As part of the COMPLY Summit Series, we had a virtual discussion with Richard Cordray, former Director of the CFPB, where he shared his insights on a range of timely topics including: managing a remote workforce, navigating the regulatory landscape, creating a strong compliance practice, and how to mitigate risk and avoid enforcement actions from the Bureau. With so much content applicable to compliance professionals and beyond, we’re going to go in-depth on each topic in a series of blog posts in the coming weeks.

Part 2 of this series will cover his insights on the new regulations and guidance around mortgage forbearance, the challenges consumers and organizations are facing, and how to solve them.

The Struggle with Loan Modifications and Regulation X

As the current pandemic continues to affect consumers’ financial stability, regulators are providing new guidance and laws to help consumers. In light of those who are struggling to keep up with their mortgage payments, the recently passed Coronavirus Aid, Relief, and Economic Security Act (CARES Act) includes provisions on forbearance for federally backed mortgage loans.

While this is beneficial for consumers who need it, it does cause some difficulties for both consumers and mortgage servicers. The issue with this, Cordray says, is that many consumers are confused about their rights, and oftentimes aren’t even aware of the rights that they have. Since many are unaware of what they are entitled to, they may not be taking the necessary steps to help ease their financial burdens.

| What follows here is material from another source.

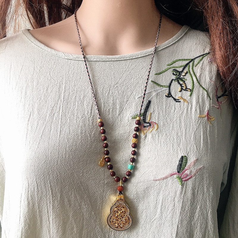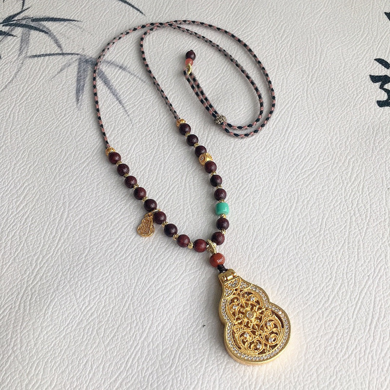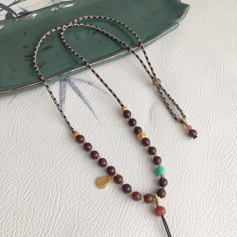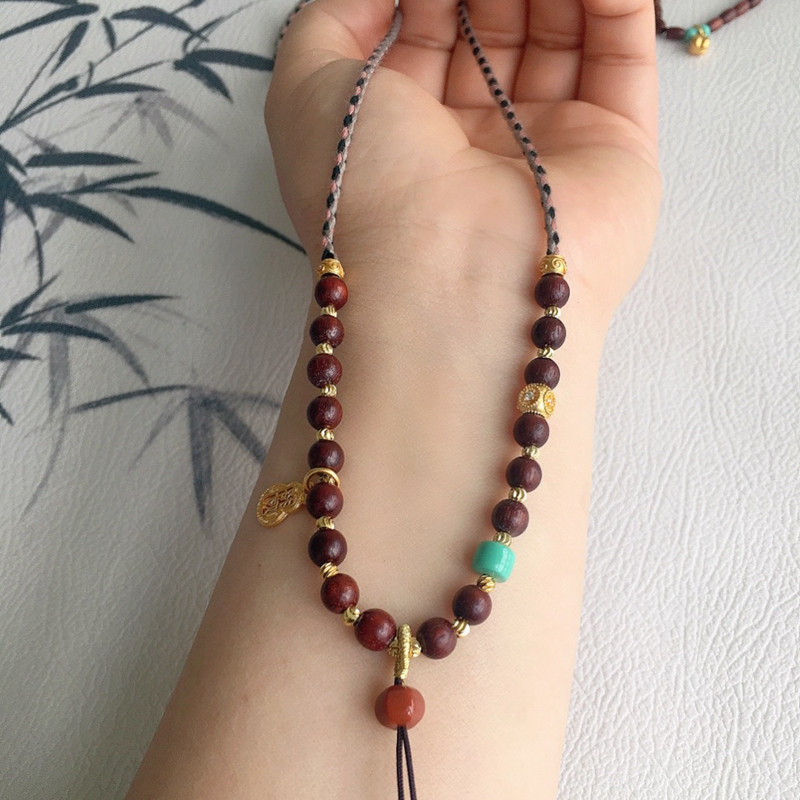 📚 新中式项链八宝盘子挂绳手编织平安扣绳子佛公挂绳紫檀木手搓棉绳

With the rapidly-changing regulatory environment, “it’s difficult for compliance officers to keep up with, let alone the general public that doesn’t even know about these things, except for hearing about them through word of mouth.” -Richard Cordray

For mortgage servicers, they must ensure that they are staying on top of new laws, maintaining compliance, and acting quickly to help consumers. On top of this, mortgage servicers are seeing a huge increase in call volume for forbearance. Keeping on top of these requests and act in a timely manner to help affected borrowers—all while complying with Regulation X’s verbal loss mitigation requirements is a real struggle for many companies. 

How the Bureau Can Help Consumers and Servicers

There are ways that the Consumer Financial Protection Bureau (CFPB) can help consumers and mortgage servicers during this time—and already have. For consumers, the Bureau created a website dedicated to helping them navigate mortgage and housing assistance, including informational videos and documents.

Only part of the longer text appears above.